Radiation Security Tested On Maersk Ship
US government security teams have executed a container-climbing trial designed to safely place radiation detection equipment on and around stacked cargo containers aboard the vessel Maersk Detroit.
Members of US agency National Nuclear Security Administration (NNSA), specifically the Nuclear/Radiological Advisory Team (NRAT), conducted advanced maritime training aboard the vessel while it was on a voyage last month.
During the tests the 6,300 TEU containership was fully loaded with commercial cargo as it sailed from Savannah, Georgia, to Houston
NRAT is a deployable team of experts that provides critical scientific and technical advice to domestic and international partners in response to a nuclear or radiological threat.
NRAT team members then recorded data from specialized radiation detection equipment designed to detect weak or shielded radiation sources.
Aboard the Maersk Detroit, NRAT team members conduct radiation mapping measurements on the weather deck.
The NRAT unit that participated in this exercise was composed of scientists, engineers and technicians from Joint Base Andrews near Washington, DC and Nellis Air Force Base in Las Vegas, US.

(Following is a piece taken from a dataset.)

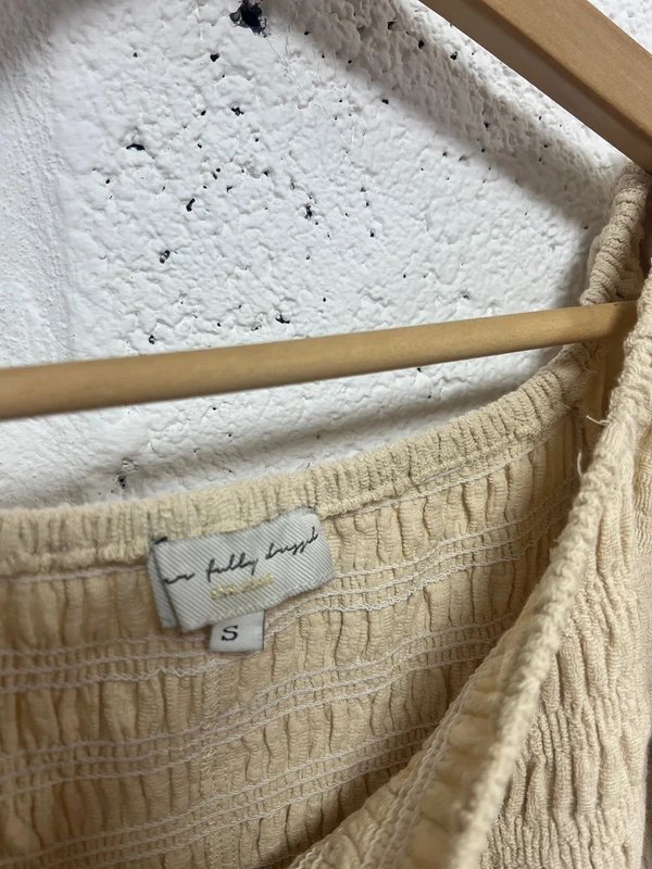 The Never Fully Dressed Off-Shoulder Ruched Dress in Beige is available in sizes S.

Over the last 20 years, NRAT has developed and refined specialized tactics, techniques, and procedures to better locate and identify radioactive material on container ships.
Lonnie Swindell, program manager for NNSA’s Office of Nuclear Incident Response, said: “Combining those tactics, techniques, and procedures with specialized tools and detection instrumentation, NRAT has become the most capable entity in the world for handling this type of operation.
“At the same time, the team was able to address the challenges and complexities of radiological detection on a large vessel while at sea.”